VISTOS los preceptos citados, concordantes y demás aplicables.

Fallo

Que desestimando el recurso de apelación interpuesto por la representación de Miguel Ángel , contra la sentencia dictada por el Juzgado de lo Penal nº 1 de Oviedo, en el procedimiento Juicio Oral nº 272/2019, de que dimana el presente Rollo, debemos confirmar y confirmamos dicha resolución, imponiendo al apelante las costas del recurso.

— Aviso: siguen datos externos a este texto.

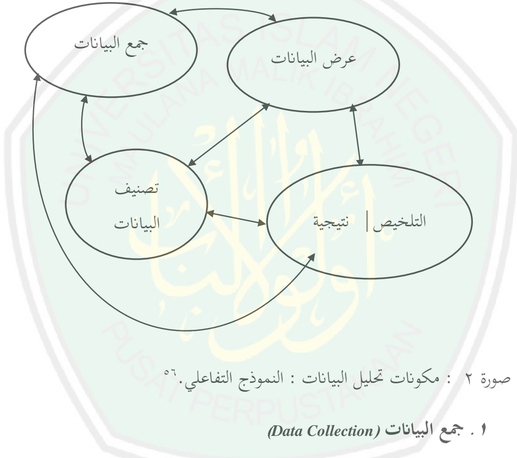
جدول ٢ خطوات تحليل البيانات.

جمع البيانات تعتبر البيانات التي تظهر بالكلمات وليس من الأرقام. وقد تم جمع البيانات في مجموعة متنوعة من الطرق ( الملاحظة والمقابلة ودراسة الوثائق) وعادة من عملية غير الجاهزة أن تستخدم من خلال كتابة أو تسجيل وتحقيق. البحث الكيفي سيكتيب جملة البيانات الكثيرة ومعقدة، والبيانات تميل إلى تبذوتافهة. الباحث جمع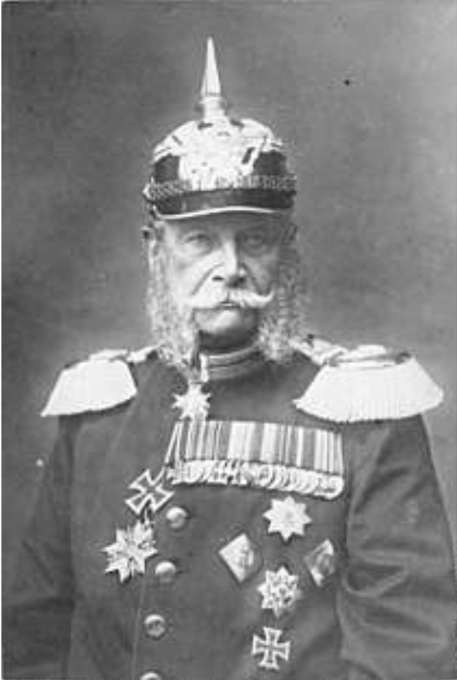
Wilhelm I. in Uniform mit Orden und Pickelhaube , 1884

Wilhelm akzeptierte aber letztlich, dass die Politik des neuen Deutschen Reiches von Bismarck bestimmt wurde. Das zeigen ihm zugeschriebene Aussprüche wie „Bismarck ist wichtiger“ oder: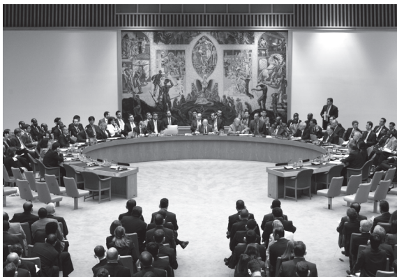
De VN-Veiligheidsraad in sessie

dan natuurlijk wel gebaseerd zijn op hoofdstuk VII van het VN-Handvest aangezien alleen resoluties onder hoofdstuk VII bindend zijn. Ook artikels 24 en 103 van het VN-Handvest zijn hier van belang. Artikel 24 stelt de primaire verantwoordelijkheid van de VN voor de handhaving van de internationale vrede en veiligheid. Artikel 103 vermeldt dat “in geval van strijdigheid tussen de verplichtingen van de leden van de Verenigde Naties krachtens dit Handvest en hun verplichtingen krachtens anders internationale overeenkomsten, hebben hun verplichtingen krachtens dit Handvest voorrang”. 26 In andere woorden, een resolutie aangenomen door de VN-Veiligheidsraad onder hoofdstuk VII zal dus voorrang hebben op de verplichtingen van staten krachtens andere internationale overeenkomsten, i.e. het bezettingsrecht bijvoorbeeld.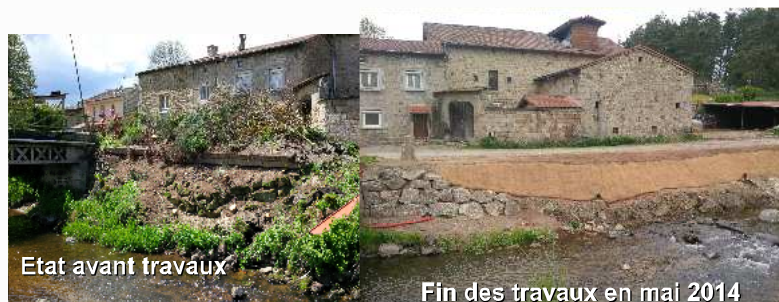
Etat avant travaux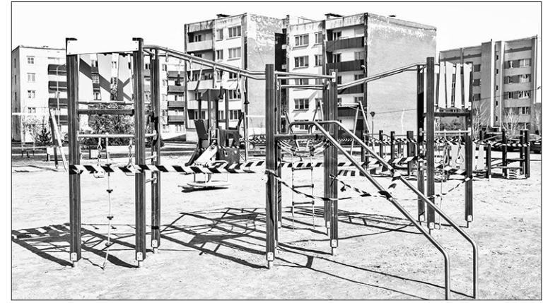
ROTAĻU LAUKUMI UN ĀRA TRENAŽIERI uz laiku norobežoti, lai mazinātu saslimšanas riskus ar koronāvirusu, kas uz virsmām var saglabāties līdz pat 72 stundām.

Kā atzīst pedagogi, liels izaicinājums ir digitālo tehnoloģiju apgušana un dažādu tiešsaistes instrumentu izmantošana mācībās. Tie jāapgūst arī vecākiem un skolēniem. Un tas viss – diezgan lielas spriedzes un steigas apstākļos. Arī pašvaldības domes sē-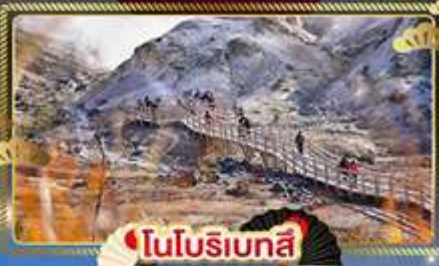
โนโบริเบทสึ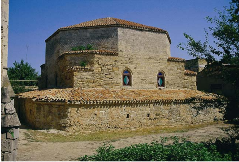
Resim5: Gözleve Mevlevîhânesi, genel görünüş.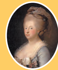
Caroline Mathilde Königin von Dänemark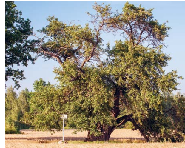
Oti metsõunapuu Viljandimaal.

Analoogne nõue on HPK nõudena kehtinud alates 2010. aastast, täpsustatud on konkreetsed looduse üksikobjektid, mis võivad põllumajandusmaal esineda.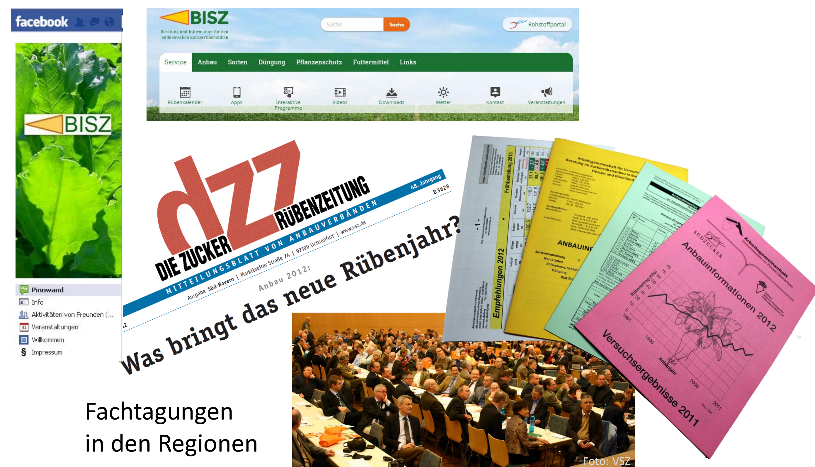
Fachtagungen in den Regionen

Beratung und Information gibt es das ganze Jahr über: in Versammlungen, auf dem Feld, schriftlich, per Telefon und natürlich auf unserer Homepage oder auf Facebook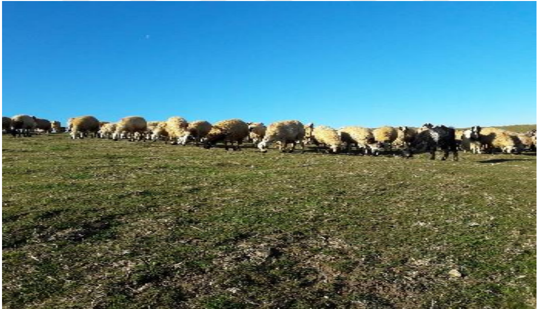
Şekil 24. Merada otlayan koyunlar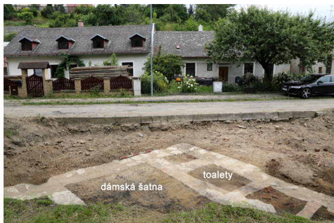
Obr. 69. Jihlava. Pohled jižním směrem na zvýrazněné základové zdivo pavilónu.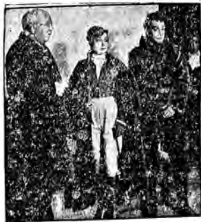
Premier Azana (po lewej stronie) obok głównych postaci napisanego przez siebie dramatu „La Corona”, który grany jest na scenach madryckich z dużym powodzeniem.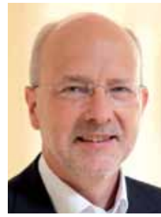
Rainer Schweppe Stadtschulrat

Geboren 1958 in Rain am Lech, seit 1960 in München, verheiratet, drei Kinder. 1981 Abschluss der Beamtenfachhochschule als Dipl. Verwaltungswirt (FH). 1982 bis 2008 in der Stadtkämmerei München in wechselnden Funktionen, zuletzt als Stadtdirektor und Stellvertreter des Stadtkämmerers. Seit April 2009 Referent für Arbeit und Wirtschaft, verantwortlich für regionale und Internationale Wirtschaftspolitik u. -förderung, kommunale Beschäftigungs- und Qualifizierungspolitik, Tourismus und Oktoberfest, Beteiligungsmanagement für die Stadtwerke München, die Flughafen München GmbH, die Messe München GmbH, die Olympiapark GmbH u.a.m. Aufsichtsrat ARGE München GmbH, Münchner Gewerbehof GmbH, Flughafen München GmbH u.a.m. Mitgliedschaften in verschiedenen Kuratorien.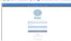
Gambar 1. Login di akun Prezi

Media berikutnya jauh lebih sederhana dari pada media MS Power Point dalam pembuatan animasi dan tautan. Seluruh kontennya mempermudah pengguna untuk menghasilkan penyajian bahan yang menarik. Media tersebut adalah Prezi .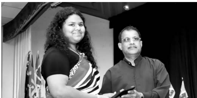
Braver Collage හි 11 වසරේ ඉගෙනුම ලබන ඇයගේ අනාගත බලාපොරොත්තුව නීති උපාධිය හැදෑරීම. මෙල්බර්න්වල උසස් විශ්ව විද්‍යාලයක නීති උපාධිය හදාරන්න නම් VCE විභාගයෙන් ඕස්ට්‍රේලියානු තෘතීයික පාඨමාලා සඳහා ඇතුළත් වීමේ අගය ATAR 98.0ක් ලබාගත යුතු බව ඇය දැන සිටියා. මේ අතර වාරයේ ඇයට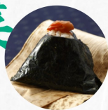
紀州梅 Dried Plum E ¥260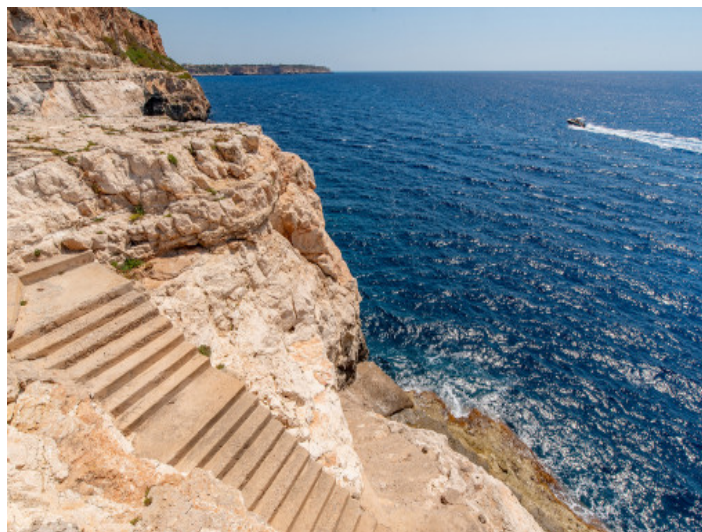
Costa Cala Llombards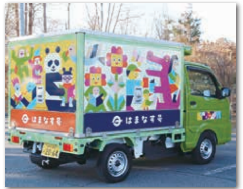
各地区を巡回する「はまなす号」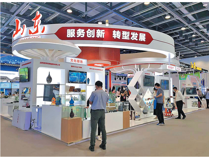
■2022年服贸会山东展区。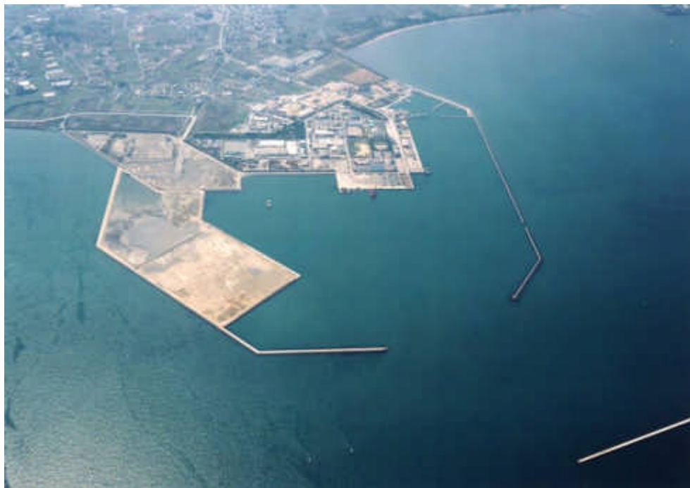
図 博多港アイランドシティイメージ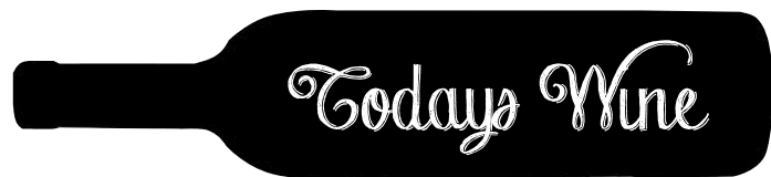
Today's Wine ASK 本日の白、赤ワイン（詳細はスタッフにお尋ねください。）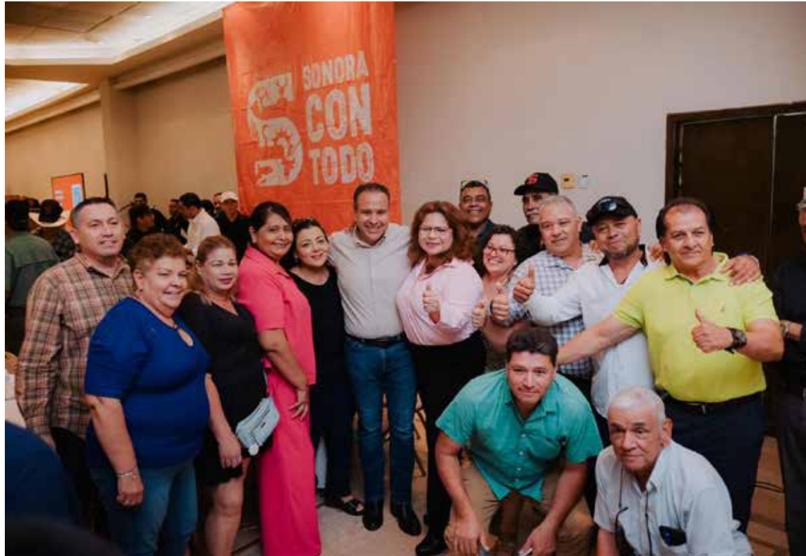
El alcalde de Hermosillo, Antonio 'Toño' Astiazarán Gutiérrez respondió a la invitación del colectivo de asociaciones civiles Sonora con Todo al reunirse con ciudadanos del municipio de Cajeme.

Ante cientos de personas que se dieron cita en el Centro Mag-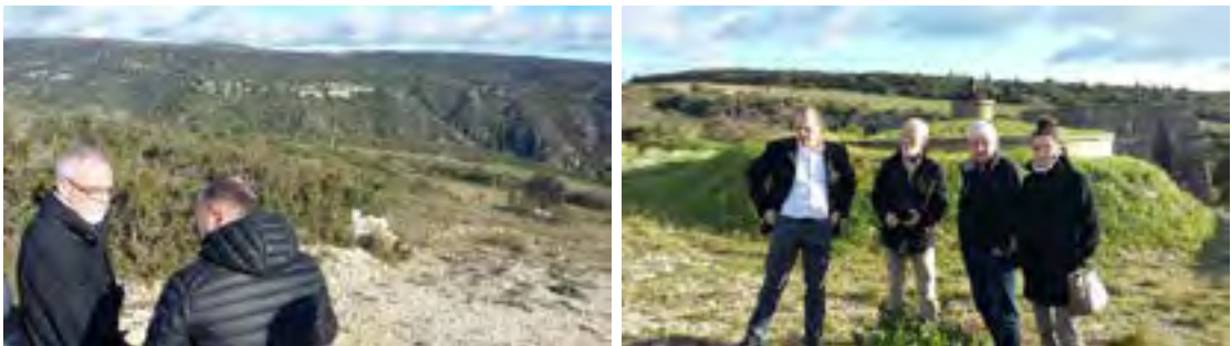
Visites de terrain avec l'Inspecteur général à Fauzan puis à Minerve

Suite à cette inspection, et après plusieurs temps préalables de préparation :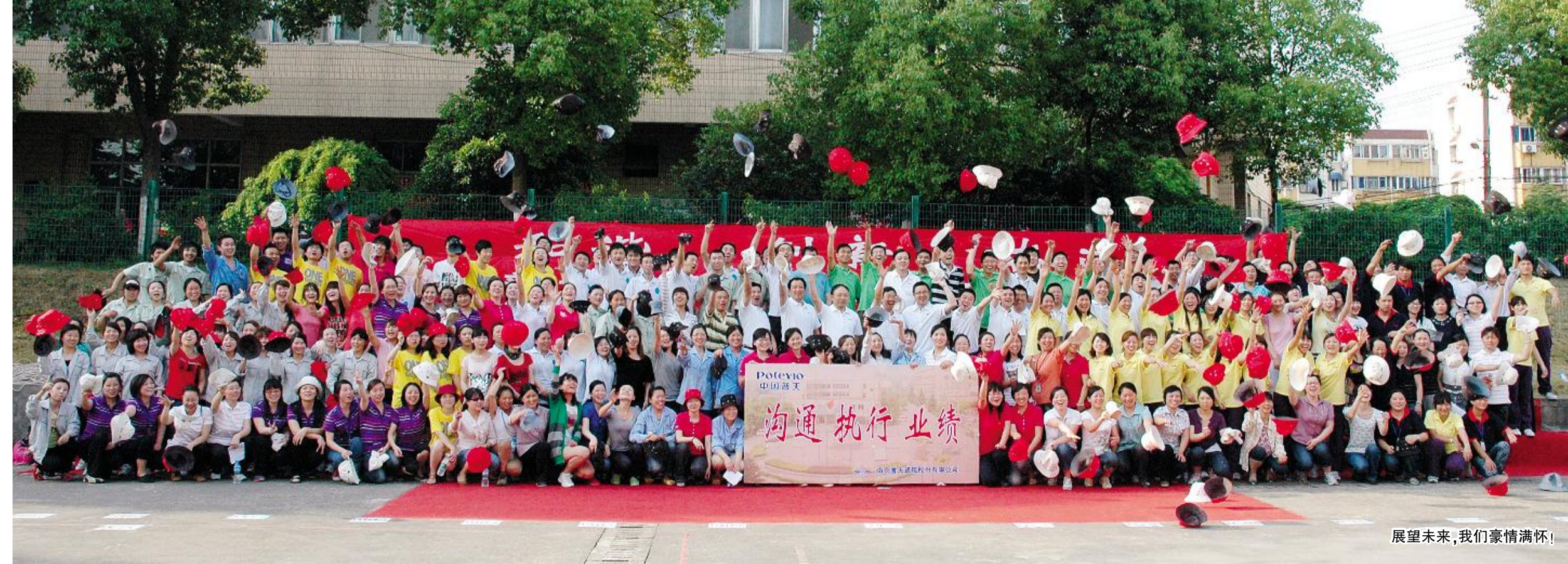
展望未来,我们豪情满怀!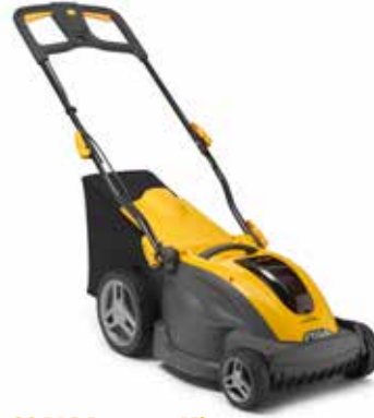
COMBI 340e Kit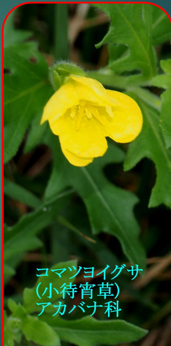
コマツヨイグサ (小待宵草) アカバナ科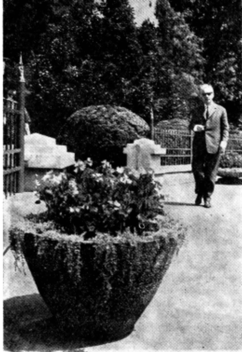
AL. VOITIN: Îmi recitesc piesele ne jucate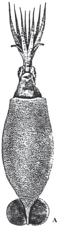
A : Young (1972)

ML 76 mm. 前種にやや似ているが、(1) 鰭は小さく外套長の23~33% (前種50~55%)。 (2) IV腕吸盤数が2~4個 (前種12~15個)。 (3) 吸盤角質環の歯は狭く25~35個 (前種では広く7~10個)。 (4) 腕先端寄りの吸盤開口は吸盤に比べて小さくなる。前種では急速に小さくなる。など多くの点で異なる。カリフォルニア沖。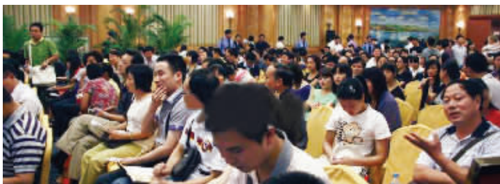
昨天,江宁的融侨世家开盘,卖得十分火爆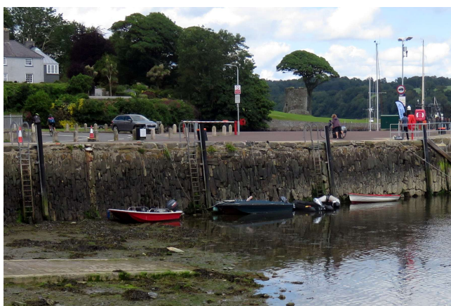
5 mètres de marée, l'amarré de l'annexe est trop courte !

A la firmeza de la presente resolución frente a la que puede interponerse recurso de casación en el plazo de cinco días o, en su caso, en el establecido en el art 2 del Real Decreto-ley 16/2020 de 28 de abril, conforme al artículo 847.2º b) de la Ley de Enjuiciamiento Criminal, en los supuestos del artículo 849.1º de la referida Ley, llévese certificación al Rollo de Sala, anótese en los registros correspondientes y remítase testimonio junto con las actuaciones originales, al Juzgado de procedencia y archívese el Rollo.

Así por esta Sentencia lo acordamos, mandamos y firmamos.

PUBLICACION.- La anterior sentencia fue leída y publicada en audiencia pública por la Ilma. Sra. Magistrado Presidente el día hábil siguiente al de su fecha, de lo que doy fe.